For cryptocurrency investors, there are several ways of making profits through the buy and sell of virtual assets. One of such is arbitrage trading which has been classified as a game for whales. If done with great care, it can yield immense profit even though there are possible risks that may occur, according to a recent report by Cryptonews.
What is Arbitrage Trading?
Arbitrage trading is the act of buying and selling an asset at the same time from two virtual exchanges. Here, a trader needs to spot a difference in the price of the same cryptocurrency offered on different exchanges. For instance, Coinmarketcap’s platform currently shows that Bitcoin is trading at $3,898.99 and $4,037.32 on BIT-Z and BCEX respectively.
That being the case, a trader can decide to take advantage of the price difference by buying Bitcoin on BIT-Z and selling it on BCEX. The process can either be carried out manually or automatically with the use of high-frequency trading software that monitors the differential on exchanges. Thus, arbitrage trading is not only used in crypto markets but that of stocks and bonds.
Why Does Arbitrage Occur?
The differences in the price of a particular virtual currency can be attributed to some factors. Notable among them is the geographical location of the exchange which can influence digital currencies on its platform. This is because there is no international price fixed for them.
An instance is the case of Golix, a Zimbabwean-based exchange where Bitcoin was about 30 to 40% higher than what was traded on other exchanges in 2018. The big gap could be blamed on the level of the recession in the country, high demand for Bitcoin, and limited exchanges to meet these demands.
How to Profit from Arbitrage Trading?
While this is another opportunity to earn, one must be willing to invest massively to make meaningful returns from such trades. In this case, up to $100,000 may be required to make the final profit generated from these sales count.
There is also the fees that will be paid for transactions and withdrawals to consider. Thus, spending a couple of dollars as a small investor may not cut it. That is why the process is mostly carried out by whales who own cryptocurrencies in large amounts.
Risks Involved in Arbitrage Trading
Unarguably, the arbitrage opportunity looks good and sounds good, but it comes with its risks.

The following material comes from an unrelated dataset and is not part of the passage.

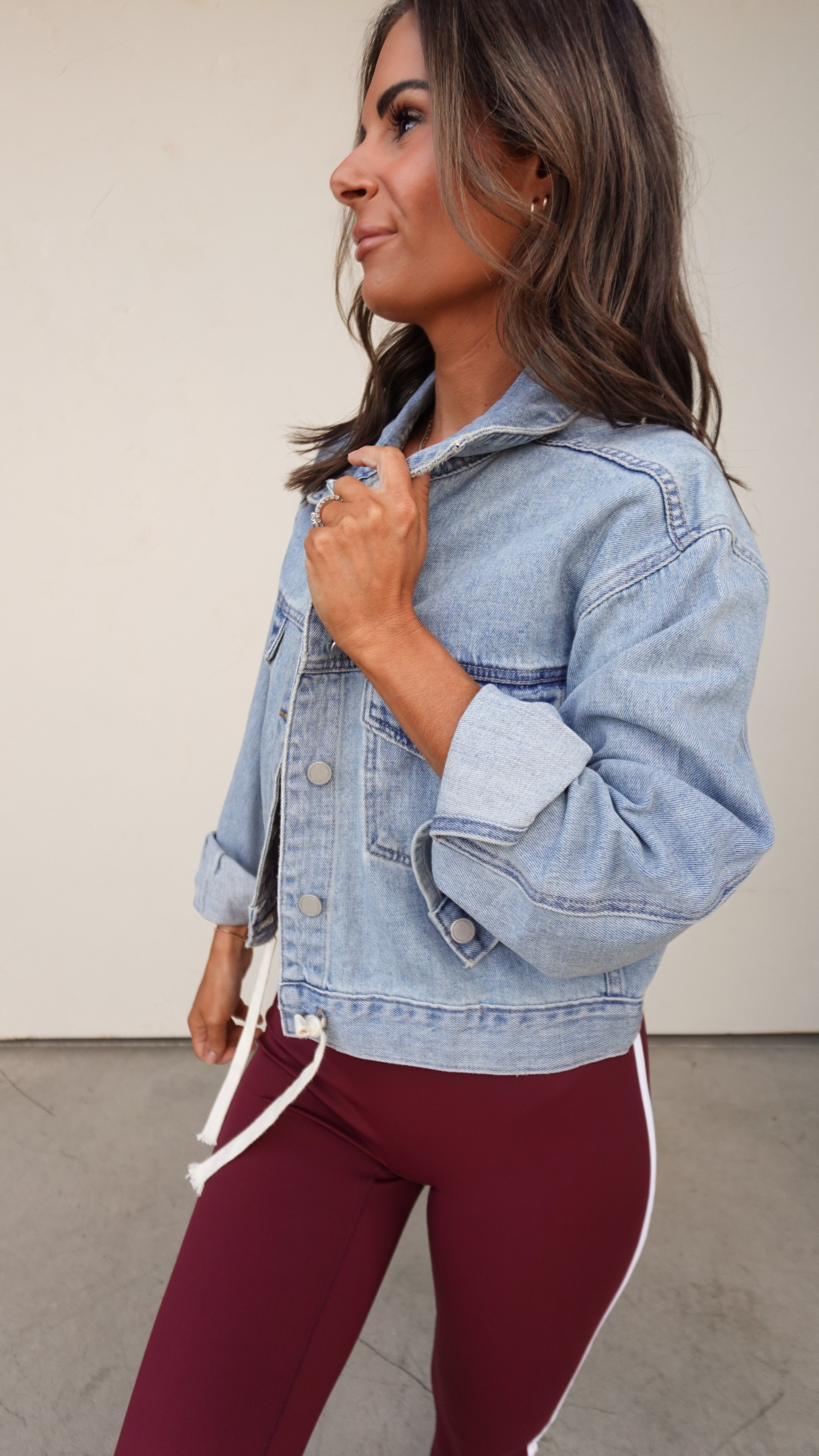 Cropped Denim Jacket with Tie Waist

Notable among them is the liquidity problem. While Bitcoin has a large market cap, it may still be difficult to buy bitcoins, up to 20,000 BTC at once, and on completion, the arbitrage opportunity would’ve been lost.
The same goes for being able to sell off such funds before the actual market price of the cryptocurrency catches up with each exchange. On the other hand, buying and dispensing funds may not be a problem for stocks and bonds market given that their market is larger.
That aside, there is also the high transaction fees to consider since they vary from one exchange to the other. Even though there are platforms that do not charge fees, it is possible that it is an unpopular one. Likewise, it may take too long for the funds to be sent back and forth. Thus, for every minute wasted, a trader could end up with losses due to tp the volatile nature of cryptocurrencies.